Typically khichdi is made by boiling lentils and rice together till it has a porridge-like consistency and then seasoning it.
Khichdis, that are each wonderful, nutrient-rich meals by themselves, exist in umpteen forms and ought to be much more celebrated than they are. They taste heavenly.
Maharaj Bhanwar Singh takes a short cut for his Vegetable Poha Khichdi and, unusually, poha or flattened rice is cooked up with yellow mung dal and a medley of vegetables of your choice.
Serve up this satisfying, fragrant khichdi hot, with a katori or bowl of dahi or raita, Gujarati-style kadhi, papad and a pungent pickle.
Vegetable Poha Khichdi
Serves: 2
Ingredients
- 100 gm mung dal
- 100 gm poha
- 2 tsp sambar powder
- 1 tsp gud or jaggery or to taste
- 2 tsp imli or tamarind water
- 2 cups chopped mixed vegetables, like chopped beans, cubed potatoes, julienned carrots, spinach, cubed yam, cubed green bananas, cubed eggplant, chopped tomatoes, chopped capsicum, green peas
- 1 onion, chopped
- Salt to taste
- 1 tbsp oil
- 1 tsp haldi or turmeric
- 1 tsp rai or mustard seeds
- 5-7 curry leaves
- 1 Kashmiri chilly
- Water to cook the khichdi
Method
- Wash and soak the poha in water for 15 minutes.

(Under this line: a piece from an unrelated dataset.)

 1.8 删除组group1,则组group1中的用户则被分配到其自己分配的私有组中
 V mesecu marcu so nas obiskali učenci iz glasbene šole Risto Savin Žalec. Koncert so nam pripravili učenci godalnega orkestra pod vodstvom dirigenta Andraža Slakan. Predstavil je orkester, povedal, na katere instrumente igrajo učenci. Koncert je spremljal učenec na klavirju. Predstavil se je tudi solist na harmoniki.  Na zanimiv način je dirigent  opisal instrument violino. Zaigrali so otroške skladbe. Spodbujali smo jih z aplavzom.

Keep aside. - Wash and drain the mung dal.
Transfer only the dal to a pressure cooker.
Add the chopped vegetables.
Add enough water to amply cover the vegetables and dal.
Add salt.
Close the lid of the pressure cooker and boil the dal and sabzi over medium heat for one whistle or till the mung dal is half cooked.
Take off heat.
Let the pressure release on its own. - Meanwhile, heat the oil in a medium-sized heavy-bottomed kadhai or saucepan over medium heat.
Add the mustard seeds.
Let them crackle and then add the curry leaves.
Add the haldi and saute for 10 seconds.
Add the chopped onions and the Kashmiri chilly.
Saute till golden brown.
Add the cooked dal and vegetables.
Add the drained poha.
Add the sambar powder, jaggery, tamarind water.
Adjust the salt.
Add more water so it has khichdi consistency.

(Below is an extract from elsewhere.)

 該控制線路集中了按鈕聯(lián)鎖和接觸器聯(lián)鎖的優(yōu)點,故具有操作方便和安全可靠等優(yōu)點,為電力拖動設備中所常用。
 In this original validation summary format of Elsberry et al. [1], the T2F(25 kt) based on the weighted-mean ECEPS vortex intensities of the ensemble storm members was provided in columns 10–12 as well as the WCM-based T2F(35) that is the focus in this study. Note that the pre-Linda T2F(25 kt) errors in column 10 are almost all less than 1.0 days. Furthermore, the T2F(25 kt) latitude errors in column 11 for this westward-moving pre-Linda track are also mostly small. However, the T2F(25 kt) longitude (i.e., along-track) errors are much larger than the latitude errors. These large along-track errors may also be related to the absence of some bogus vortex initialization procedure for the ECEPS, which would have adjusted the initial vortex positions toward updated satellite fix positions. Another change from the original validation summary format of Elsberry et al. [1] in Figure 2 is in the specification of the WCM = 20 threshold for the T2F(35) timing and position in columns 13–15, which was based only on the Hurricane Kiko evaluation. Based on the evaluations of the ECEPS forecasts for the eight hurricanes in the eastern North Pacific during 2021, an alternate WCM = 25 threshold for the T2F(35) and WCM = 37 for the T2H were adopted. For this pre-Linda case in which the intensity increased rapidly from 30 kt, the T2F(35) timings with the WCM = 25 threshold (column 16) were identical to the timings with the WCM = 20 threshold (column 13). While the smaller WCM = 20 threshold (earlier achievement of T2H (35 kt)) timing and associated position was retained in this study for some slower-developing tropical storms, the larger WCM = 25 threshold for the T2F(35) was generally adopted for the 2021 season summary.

Cook over low heat for 10 minutes.
Take off heat and serve hot.
Editor's Note: A tbsp of ghee or butter or cashew butter instead of oil may make this khichdi taste more magical.

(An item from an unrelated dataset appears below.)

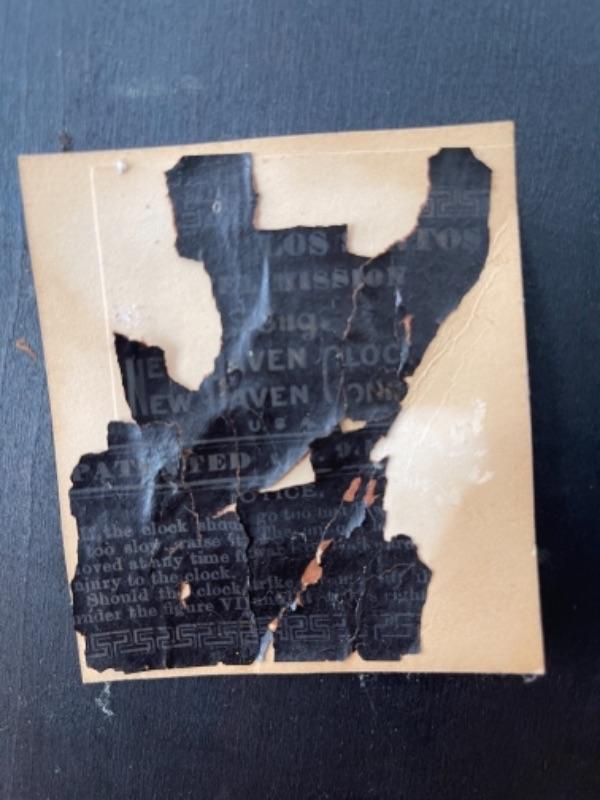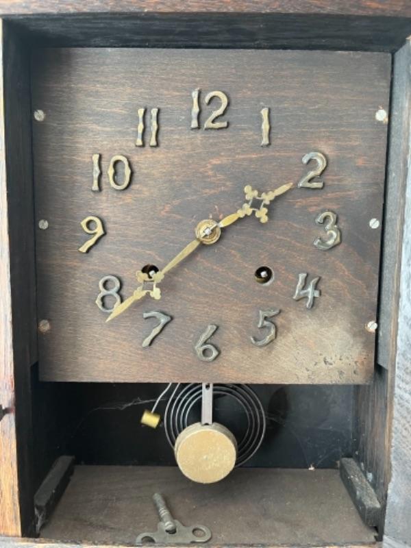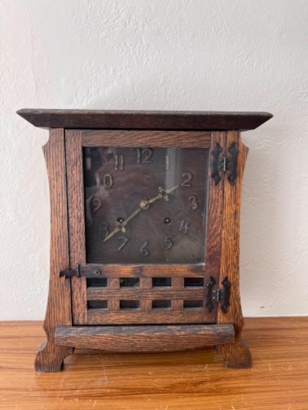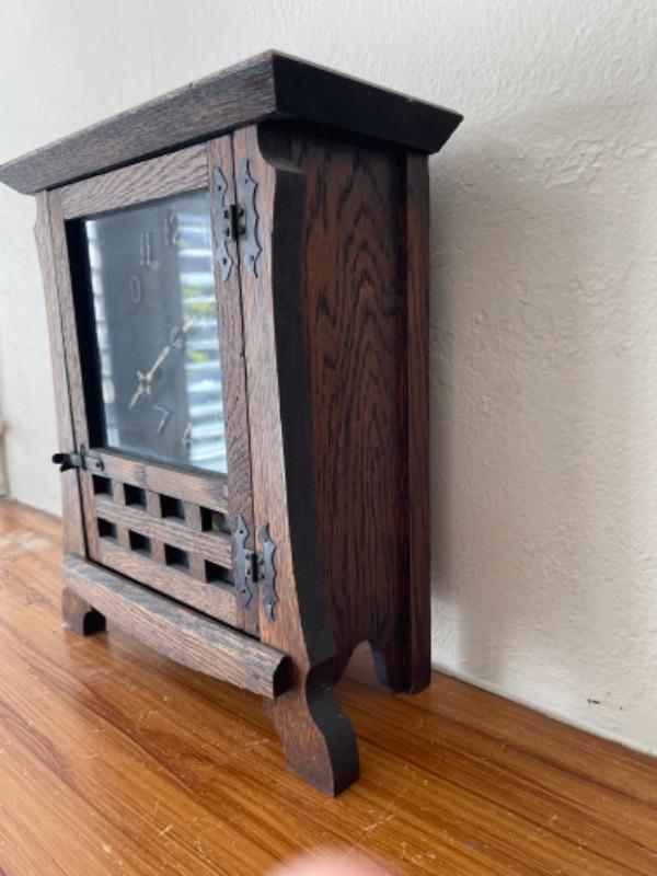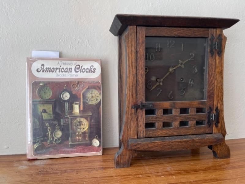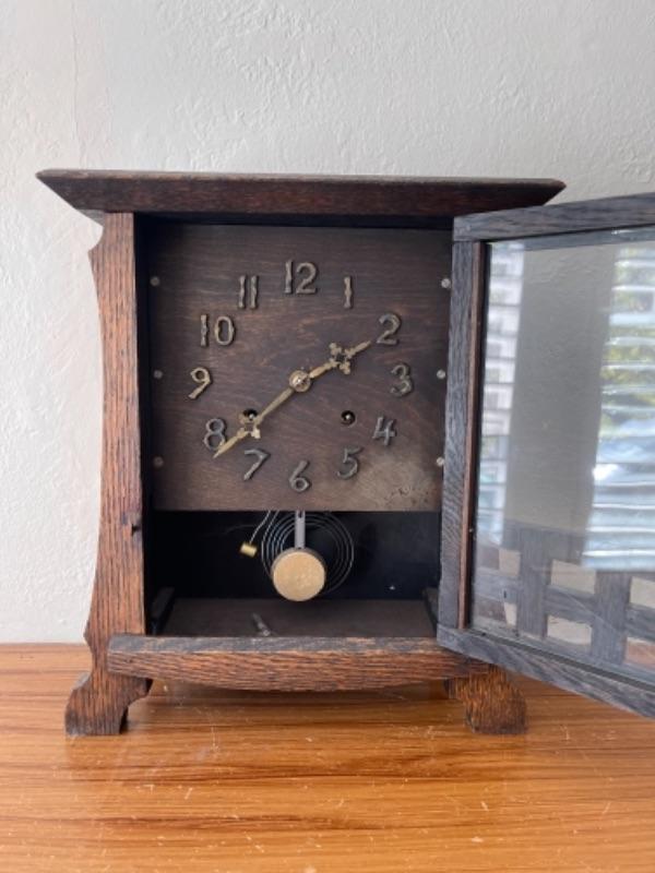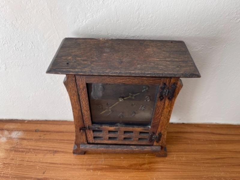 Lot 5LD. Antique “˜Los Santos’ mantle Mission clock by New Haven Clock Company, black oak, eight day, circa 1913 (13-3/4” x 11-3/4” x 5-1/2”)--$130

Consider adding ½ tsp hing or asafetida and/or 5-6 black peppercorns while tempering the mustard seeds and 1 tsp of grated ginger while frying the onions.
Other interesting substitutions in place of the vegetables already suggested or additions to this khichdi could be a handful of fresh, chopped methi or fenugreek leaves; or 1 tbsp kasuri methi or dried fenugreek; sauteed mung badis or mangodis or dried mung dal dumplings; sauteed chopped cashews; peeled cubed arbi (colocasia); peeled cubed sweet potatoes.
Several types of poha are now easily available like red rice poha, corn poha, organic poha, millet poha.
A healthy, diabetic-friendly red rice poha, for instance, could lend extra flavour to this khichdi.
Khichdi matches well with Gujarati kadhi or Goan eggplant pickle or sabudana or sago papad or fried fish or fried salt fish or a mutton fry.
Try, as an accompaniment to the khichdi, Reshma Aslam's recipe for Kadhi Pakora.
Or Sangita Agarwal's Dahi Baigana.
Else Hitesh Harisinghani's Sindhi Mutton Fry.
Maybe Ramapriya Suresh's Meen Pollichathu or Fried Fish In Banana Leaves Wrap.
You could take a page out of Maharaj Singh's book and try this variation: On any day if you have a little bit of dal leftover, fry it up with a mix of vegetables, imli, masalas and then add soaked poha.
Maharaj Bhanwar Singh is the corporate chef at Khandani Rajdhani, a chain of restaurants serving Rajasthani and Gujarati thalis.